While the meat of the answer is perhaps
disappointingly dull--pure irrational, rosy-tinted nostalgia—I do
have some rather elaborate post-facto rationalizations for why I
still use it in the campaign.
But first let's back up and talk about
the short, cut-down-in-the glory-of-its-prime history of this
alignment scheme. Rearing its head in the blue book of the late
1970s, five-fold alignment as per the book (Holmes, Basic D&D page 8) is a gloriously
opaque and mystifying cosmic arrangement. Good and Evil were readily
grokable: the eternal “us” and “them” of the American mind,
Law and Chaos to one unfamiliar at the time with Poul Anderson and
Michael Moorcock slightly less (but the names evoked great ideas),
their axial interaction even more unclear.
That it was all illustrated with a
graph that placed unfamiliar monster types made it seem all the more inexplicable
(“ok so, teleporting dogs equal the good kind of law and dragons
made of brass are chaotic and good, got it”).
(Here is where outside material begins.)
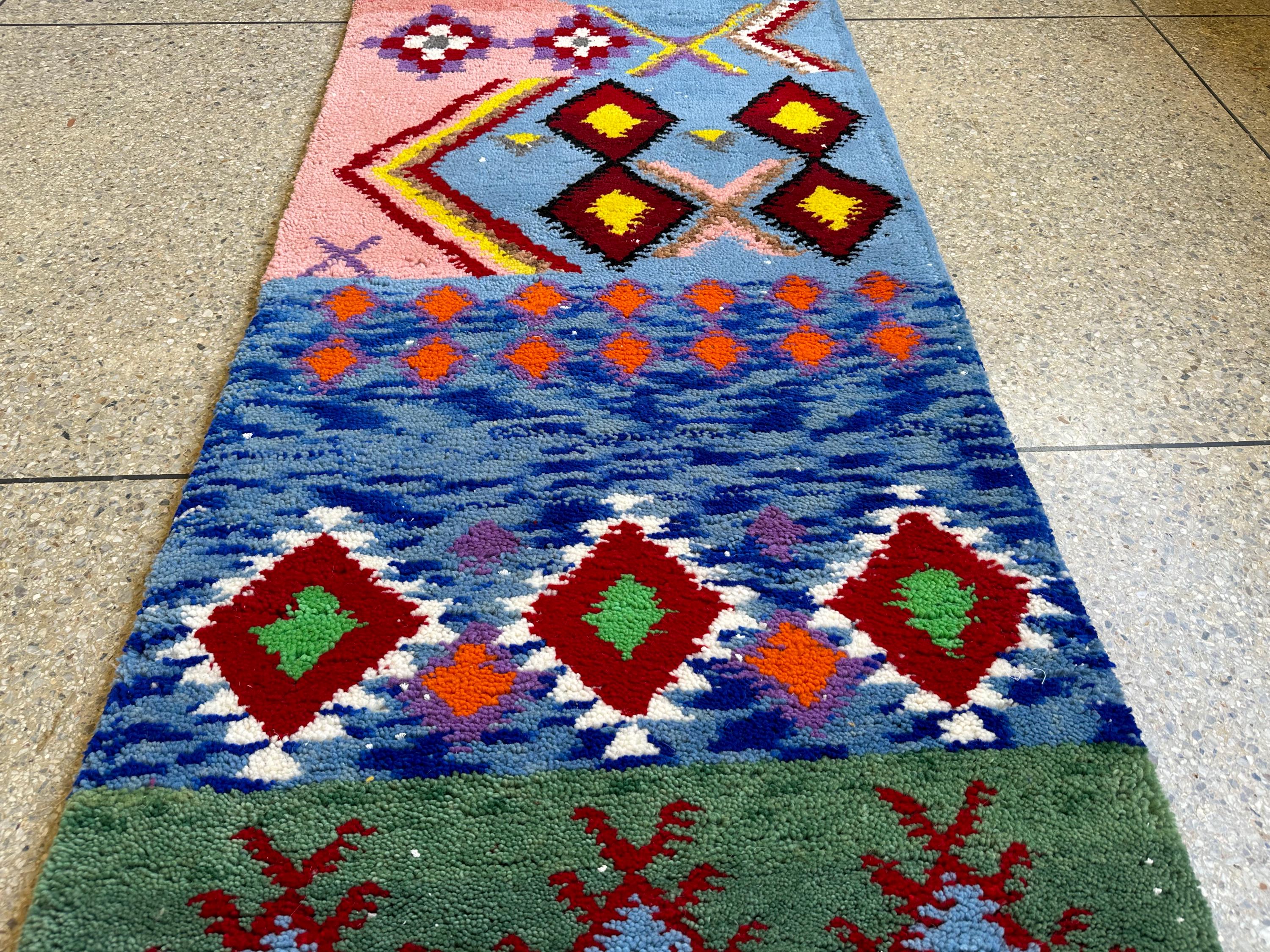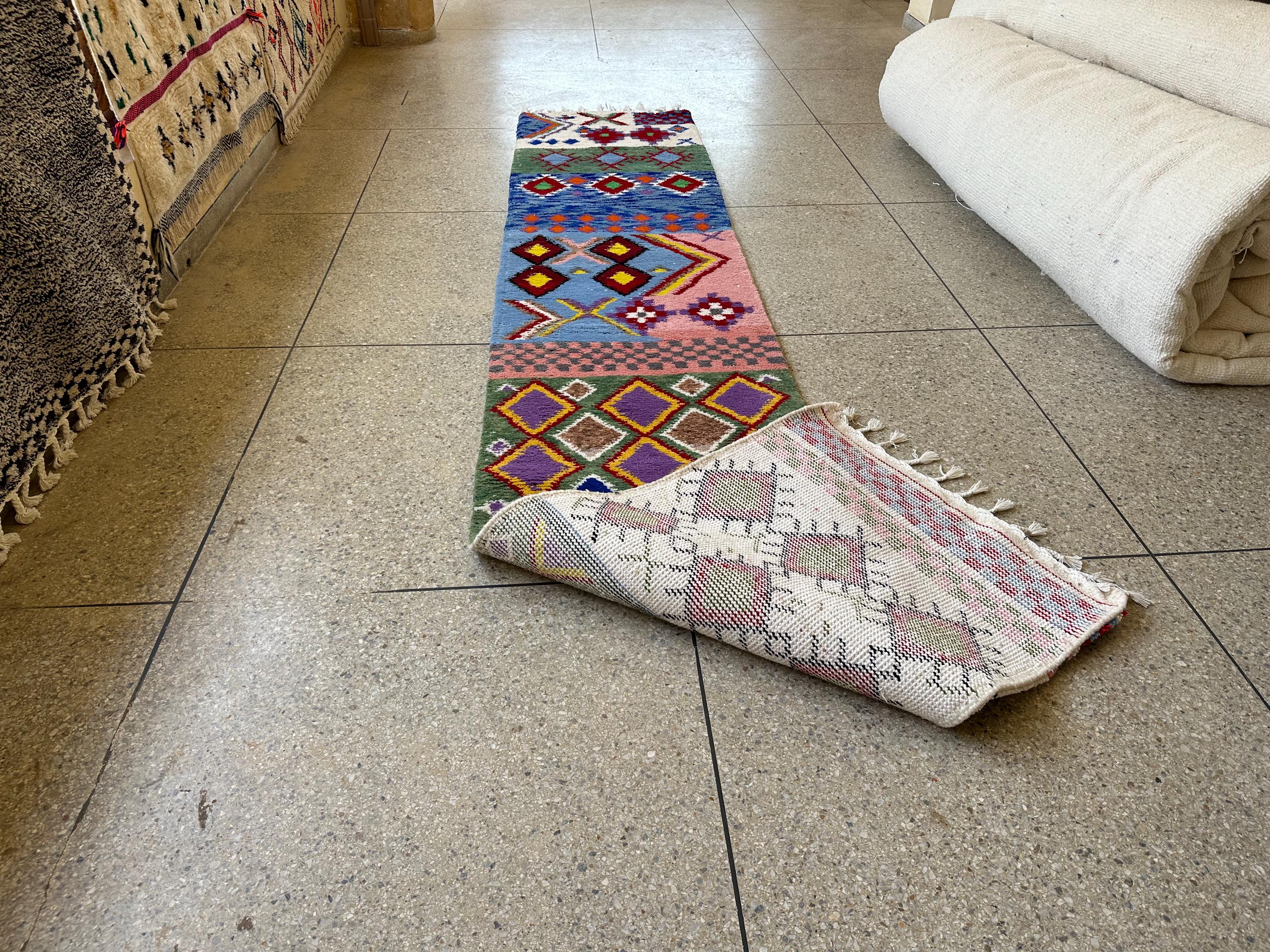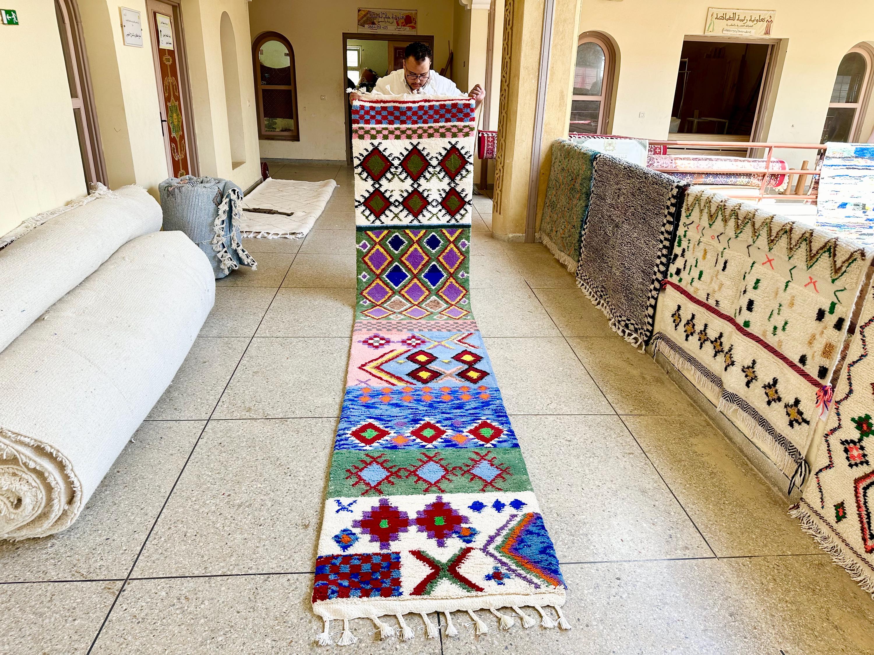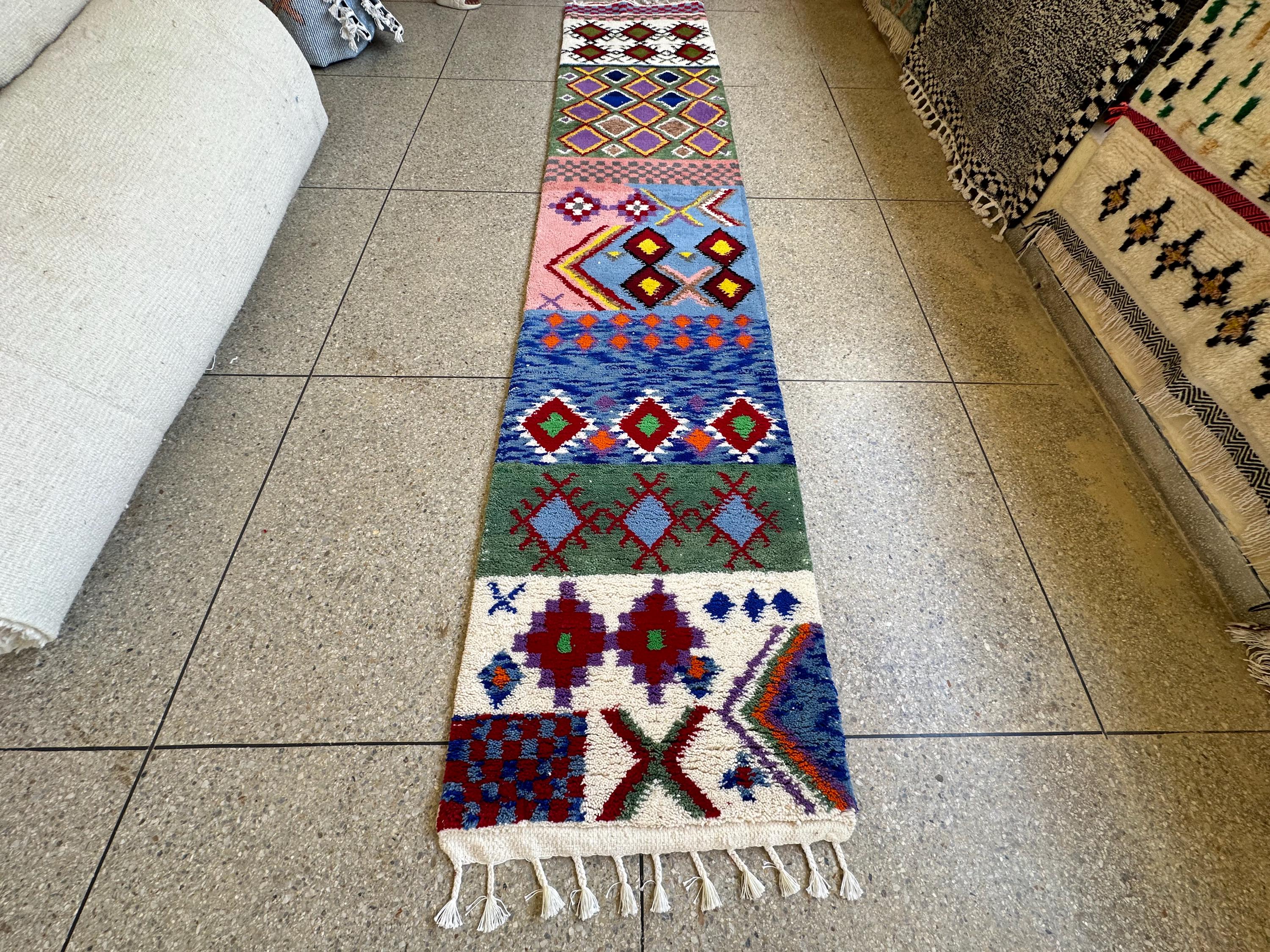 .STUNNING BOUJAAD RUG, Moroccan Runner 2x13, Large Abstract Rug, Berber Rug, Red and Yellow Runner, Sheep Wool Rug, Handwoven Rug.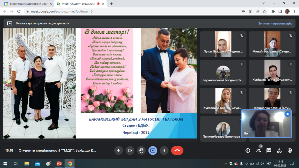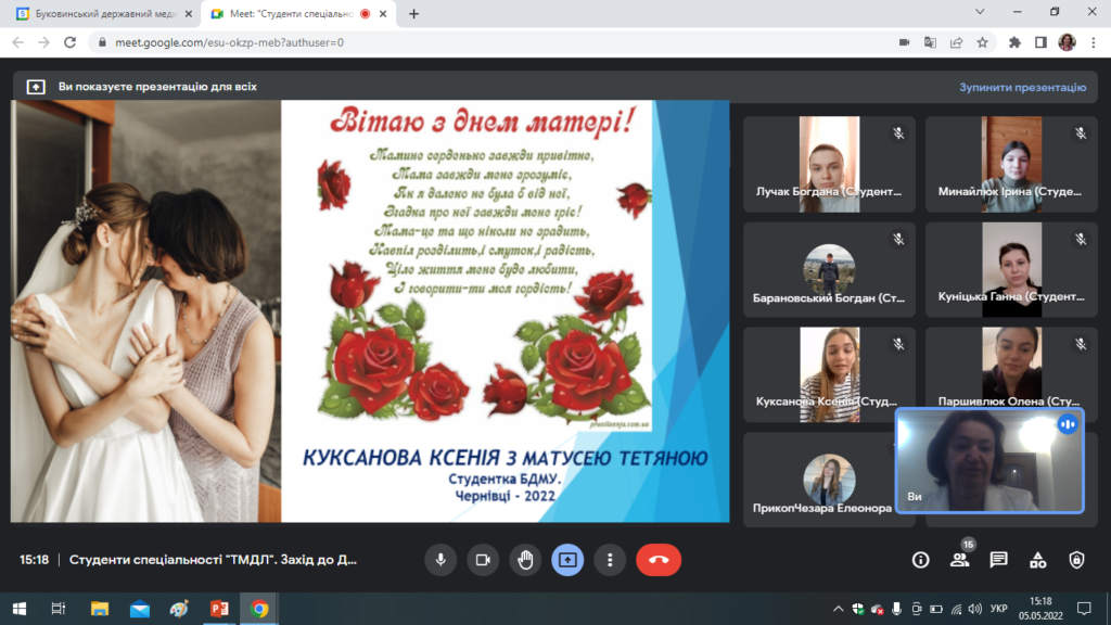 Щороку ця дата змінюється, адже заведено святкувати День матері у другу неділю травня. З цієї нагоди 05 травня 2022 року був проведений у режимі онлайн культурно-освітній захід за участі студентів 2, 3 груп 2 курсу медичного факультету №4 спеціальності «Медична психологія».

Its vagueness left me
filling the void with strange and open-ended whimsy in what it all
meant.
Of course time spent around the endless
(yet enjoyable) exegesis of the OSR has rudely disabused me of my
naivete. It's fairly clear from remarks in Dragon #52 that
the good doctor never intended to have this alignment scheme at all,
preferring instead the traditional three-points of OD&D. The new
scheme was presumably added as a bridge to AD&D which was being
introduced piecemeal at the time.
The other piece that I find interesting
is that five-fold alignment appears to not have just been a truncated
and simplified presentation of the nine-point, pain-in-the-ass
alignment that all right-minded people loathe and despise, but likely
the “first draft” of what alignment was supposed to be in AD&D
circa 1976. Evidence for this can be found in Gary Gygax's article in
Strategic Review (Vol 2, #1) where he presents the expansion
beyond the Law-Chaos arrangement.
This article is fascinating because it
presents a number of interesting concepts, mostly dropped or
radically changed as the game developed. The most immediately
noticeable is the concept of alignment not as a static either/or but
as a great spectrum of thought and behavior. Races and individuals
are all being pushed and pulled along the two radials outward
toward the cosmic realms (you can see here with borderline places
like Nirvana and Limbo best the beginnings of nine-fold and the outer
plane cosmology of later years).
|
Scan from Strategic Review (Vol 2, #1) |
Your alignment is purely a matter of
which of the four quadrants you rest in your vector at a particular
time. In fact over time this can even mean that a “player-character
who continually follows any alignment (save neutrality) to the
absolute letter of its definition must eventually move off the
chart...and into another plane of existence as indicated.” One can
thus be more chaotic or more evil than even another in the same
alignment and that you can evolve into a divine/infernal being if you
go so far. Wild.
There are a few more fascinating quirks
laid out here about the implied cosmology of D&D worlds at that
time. Law seems to be an artifact of human civilization for instance,
“Humanity most of humanity falls into the lawful category, and most
of lawful humanity lies near the line between good and evil. With
proper leadership the majority will be prone towards lawful/good. Few
humans are chaotic, and very few are chaotic and evil.”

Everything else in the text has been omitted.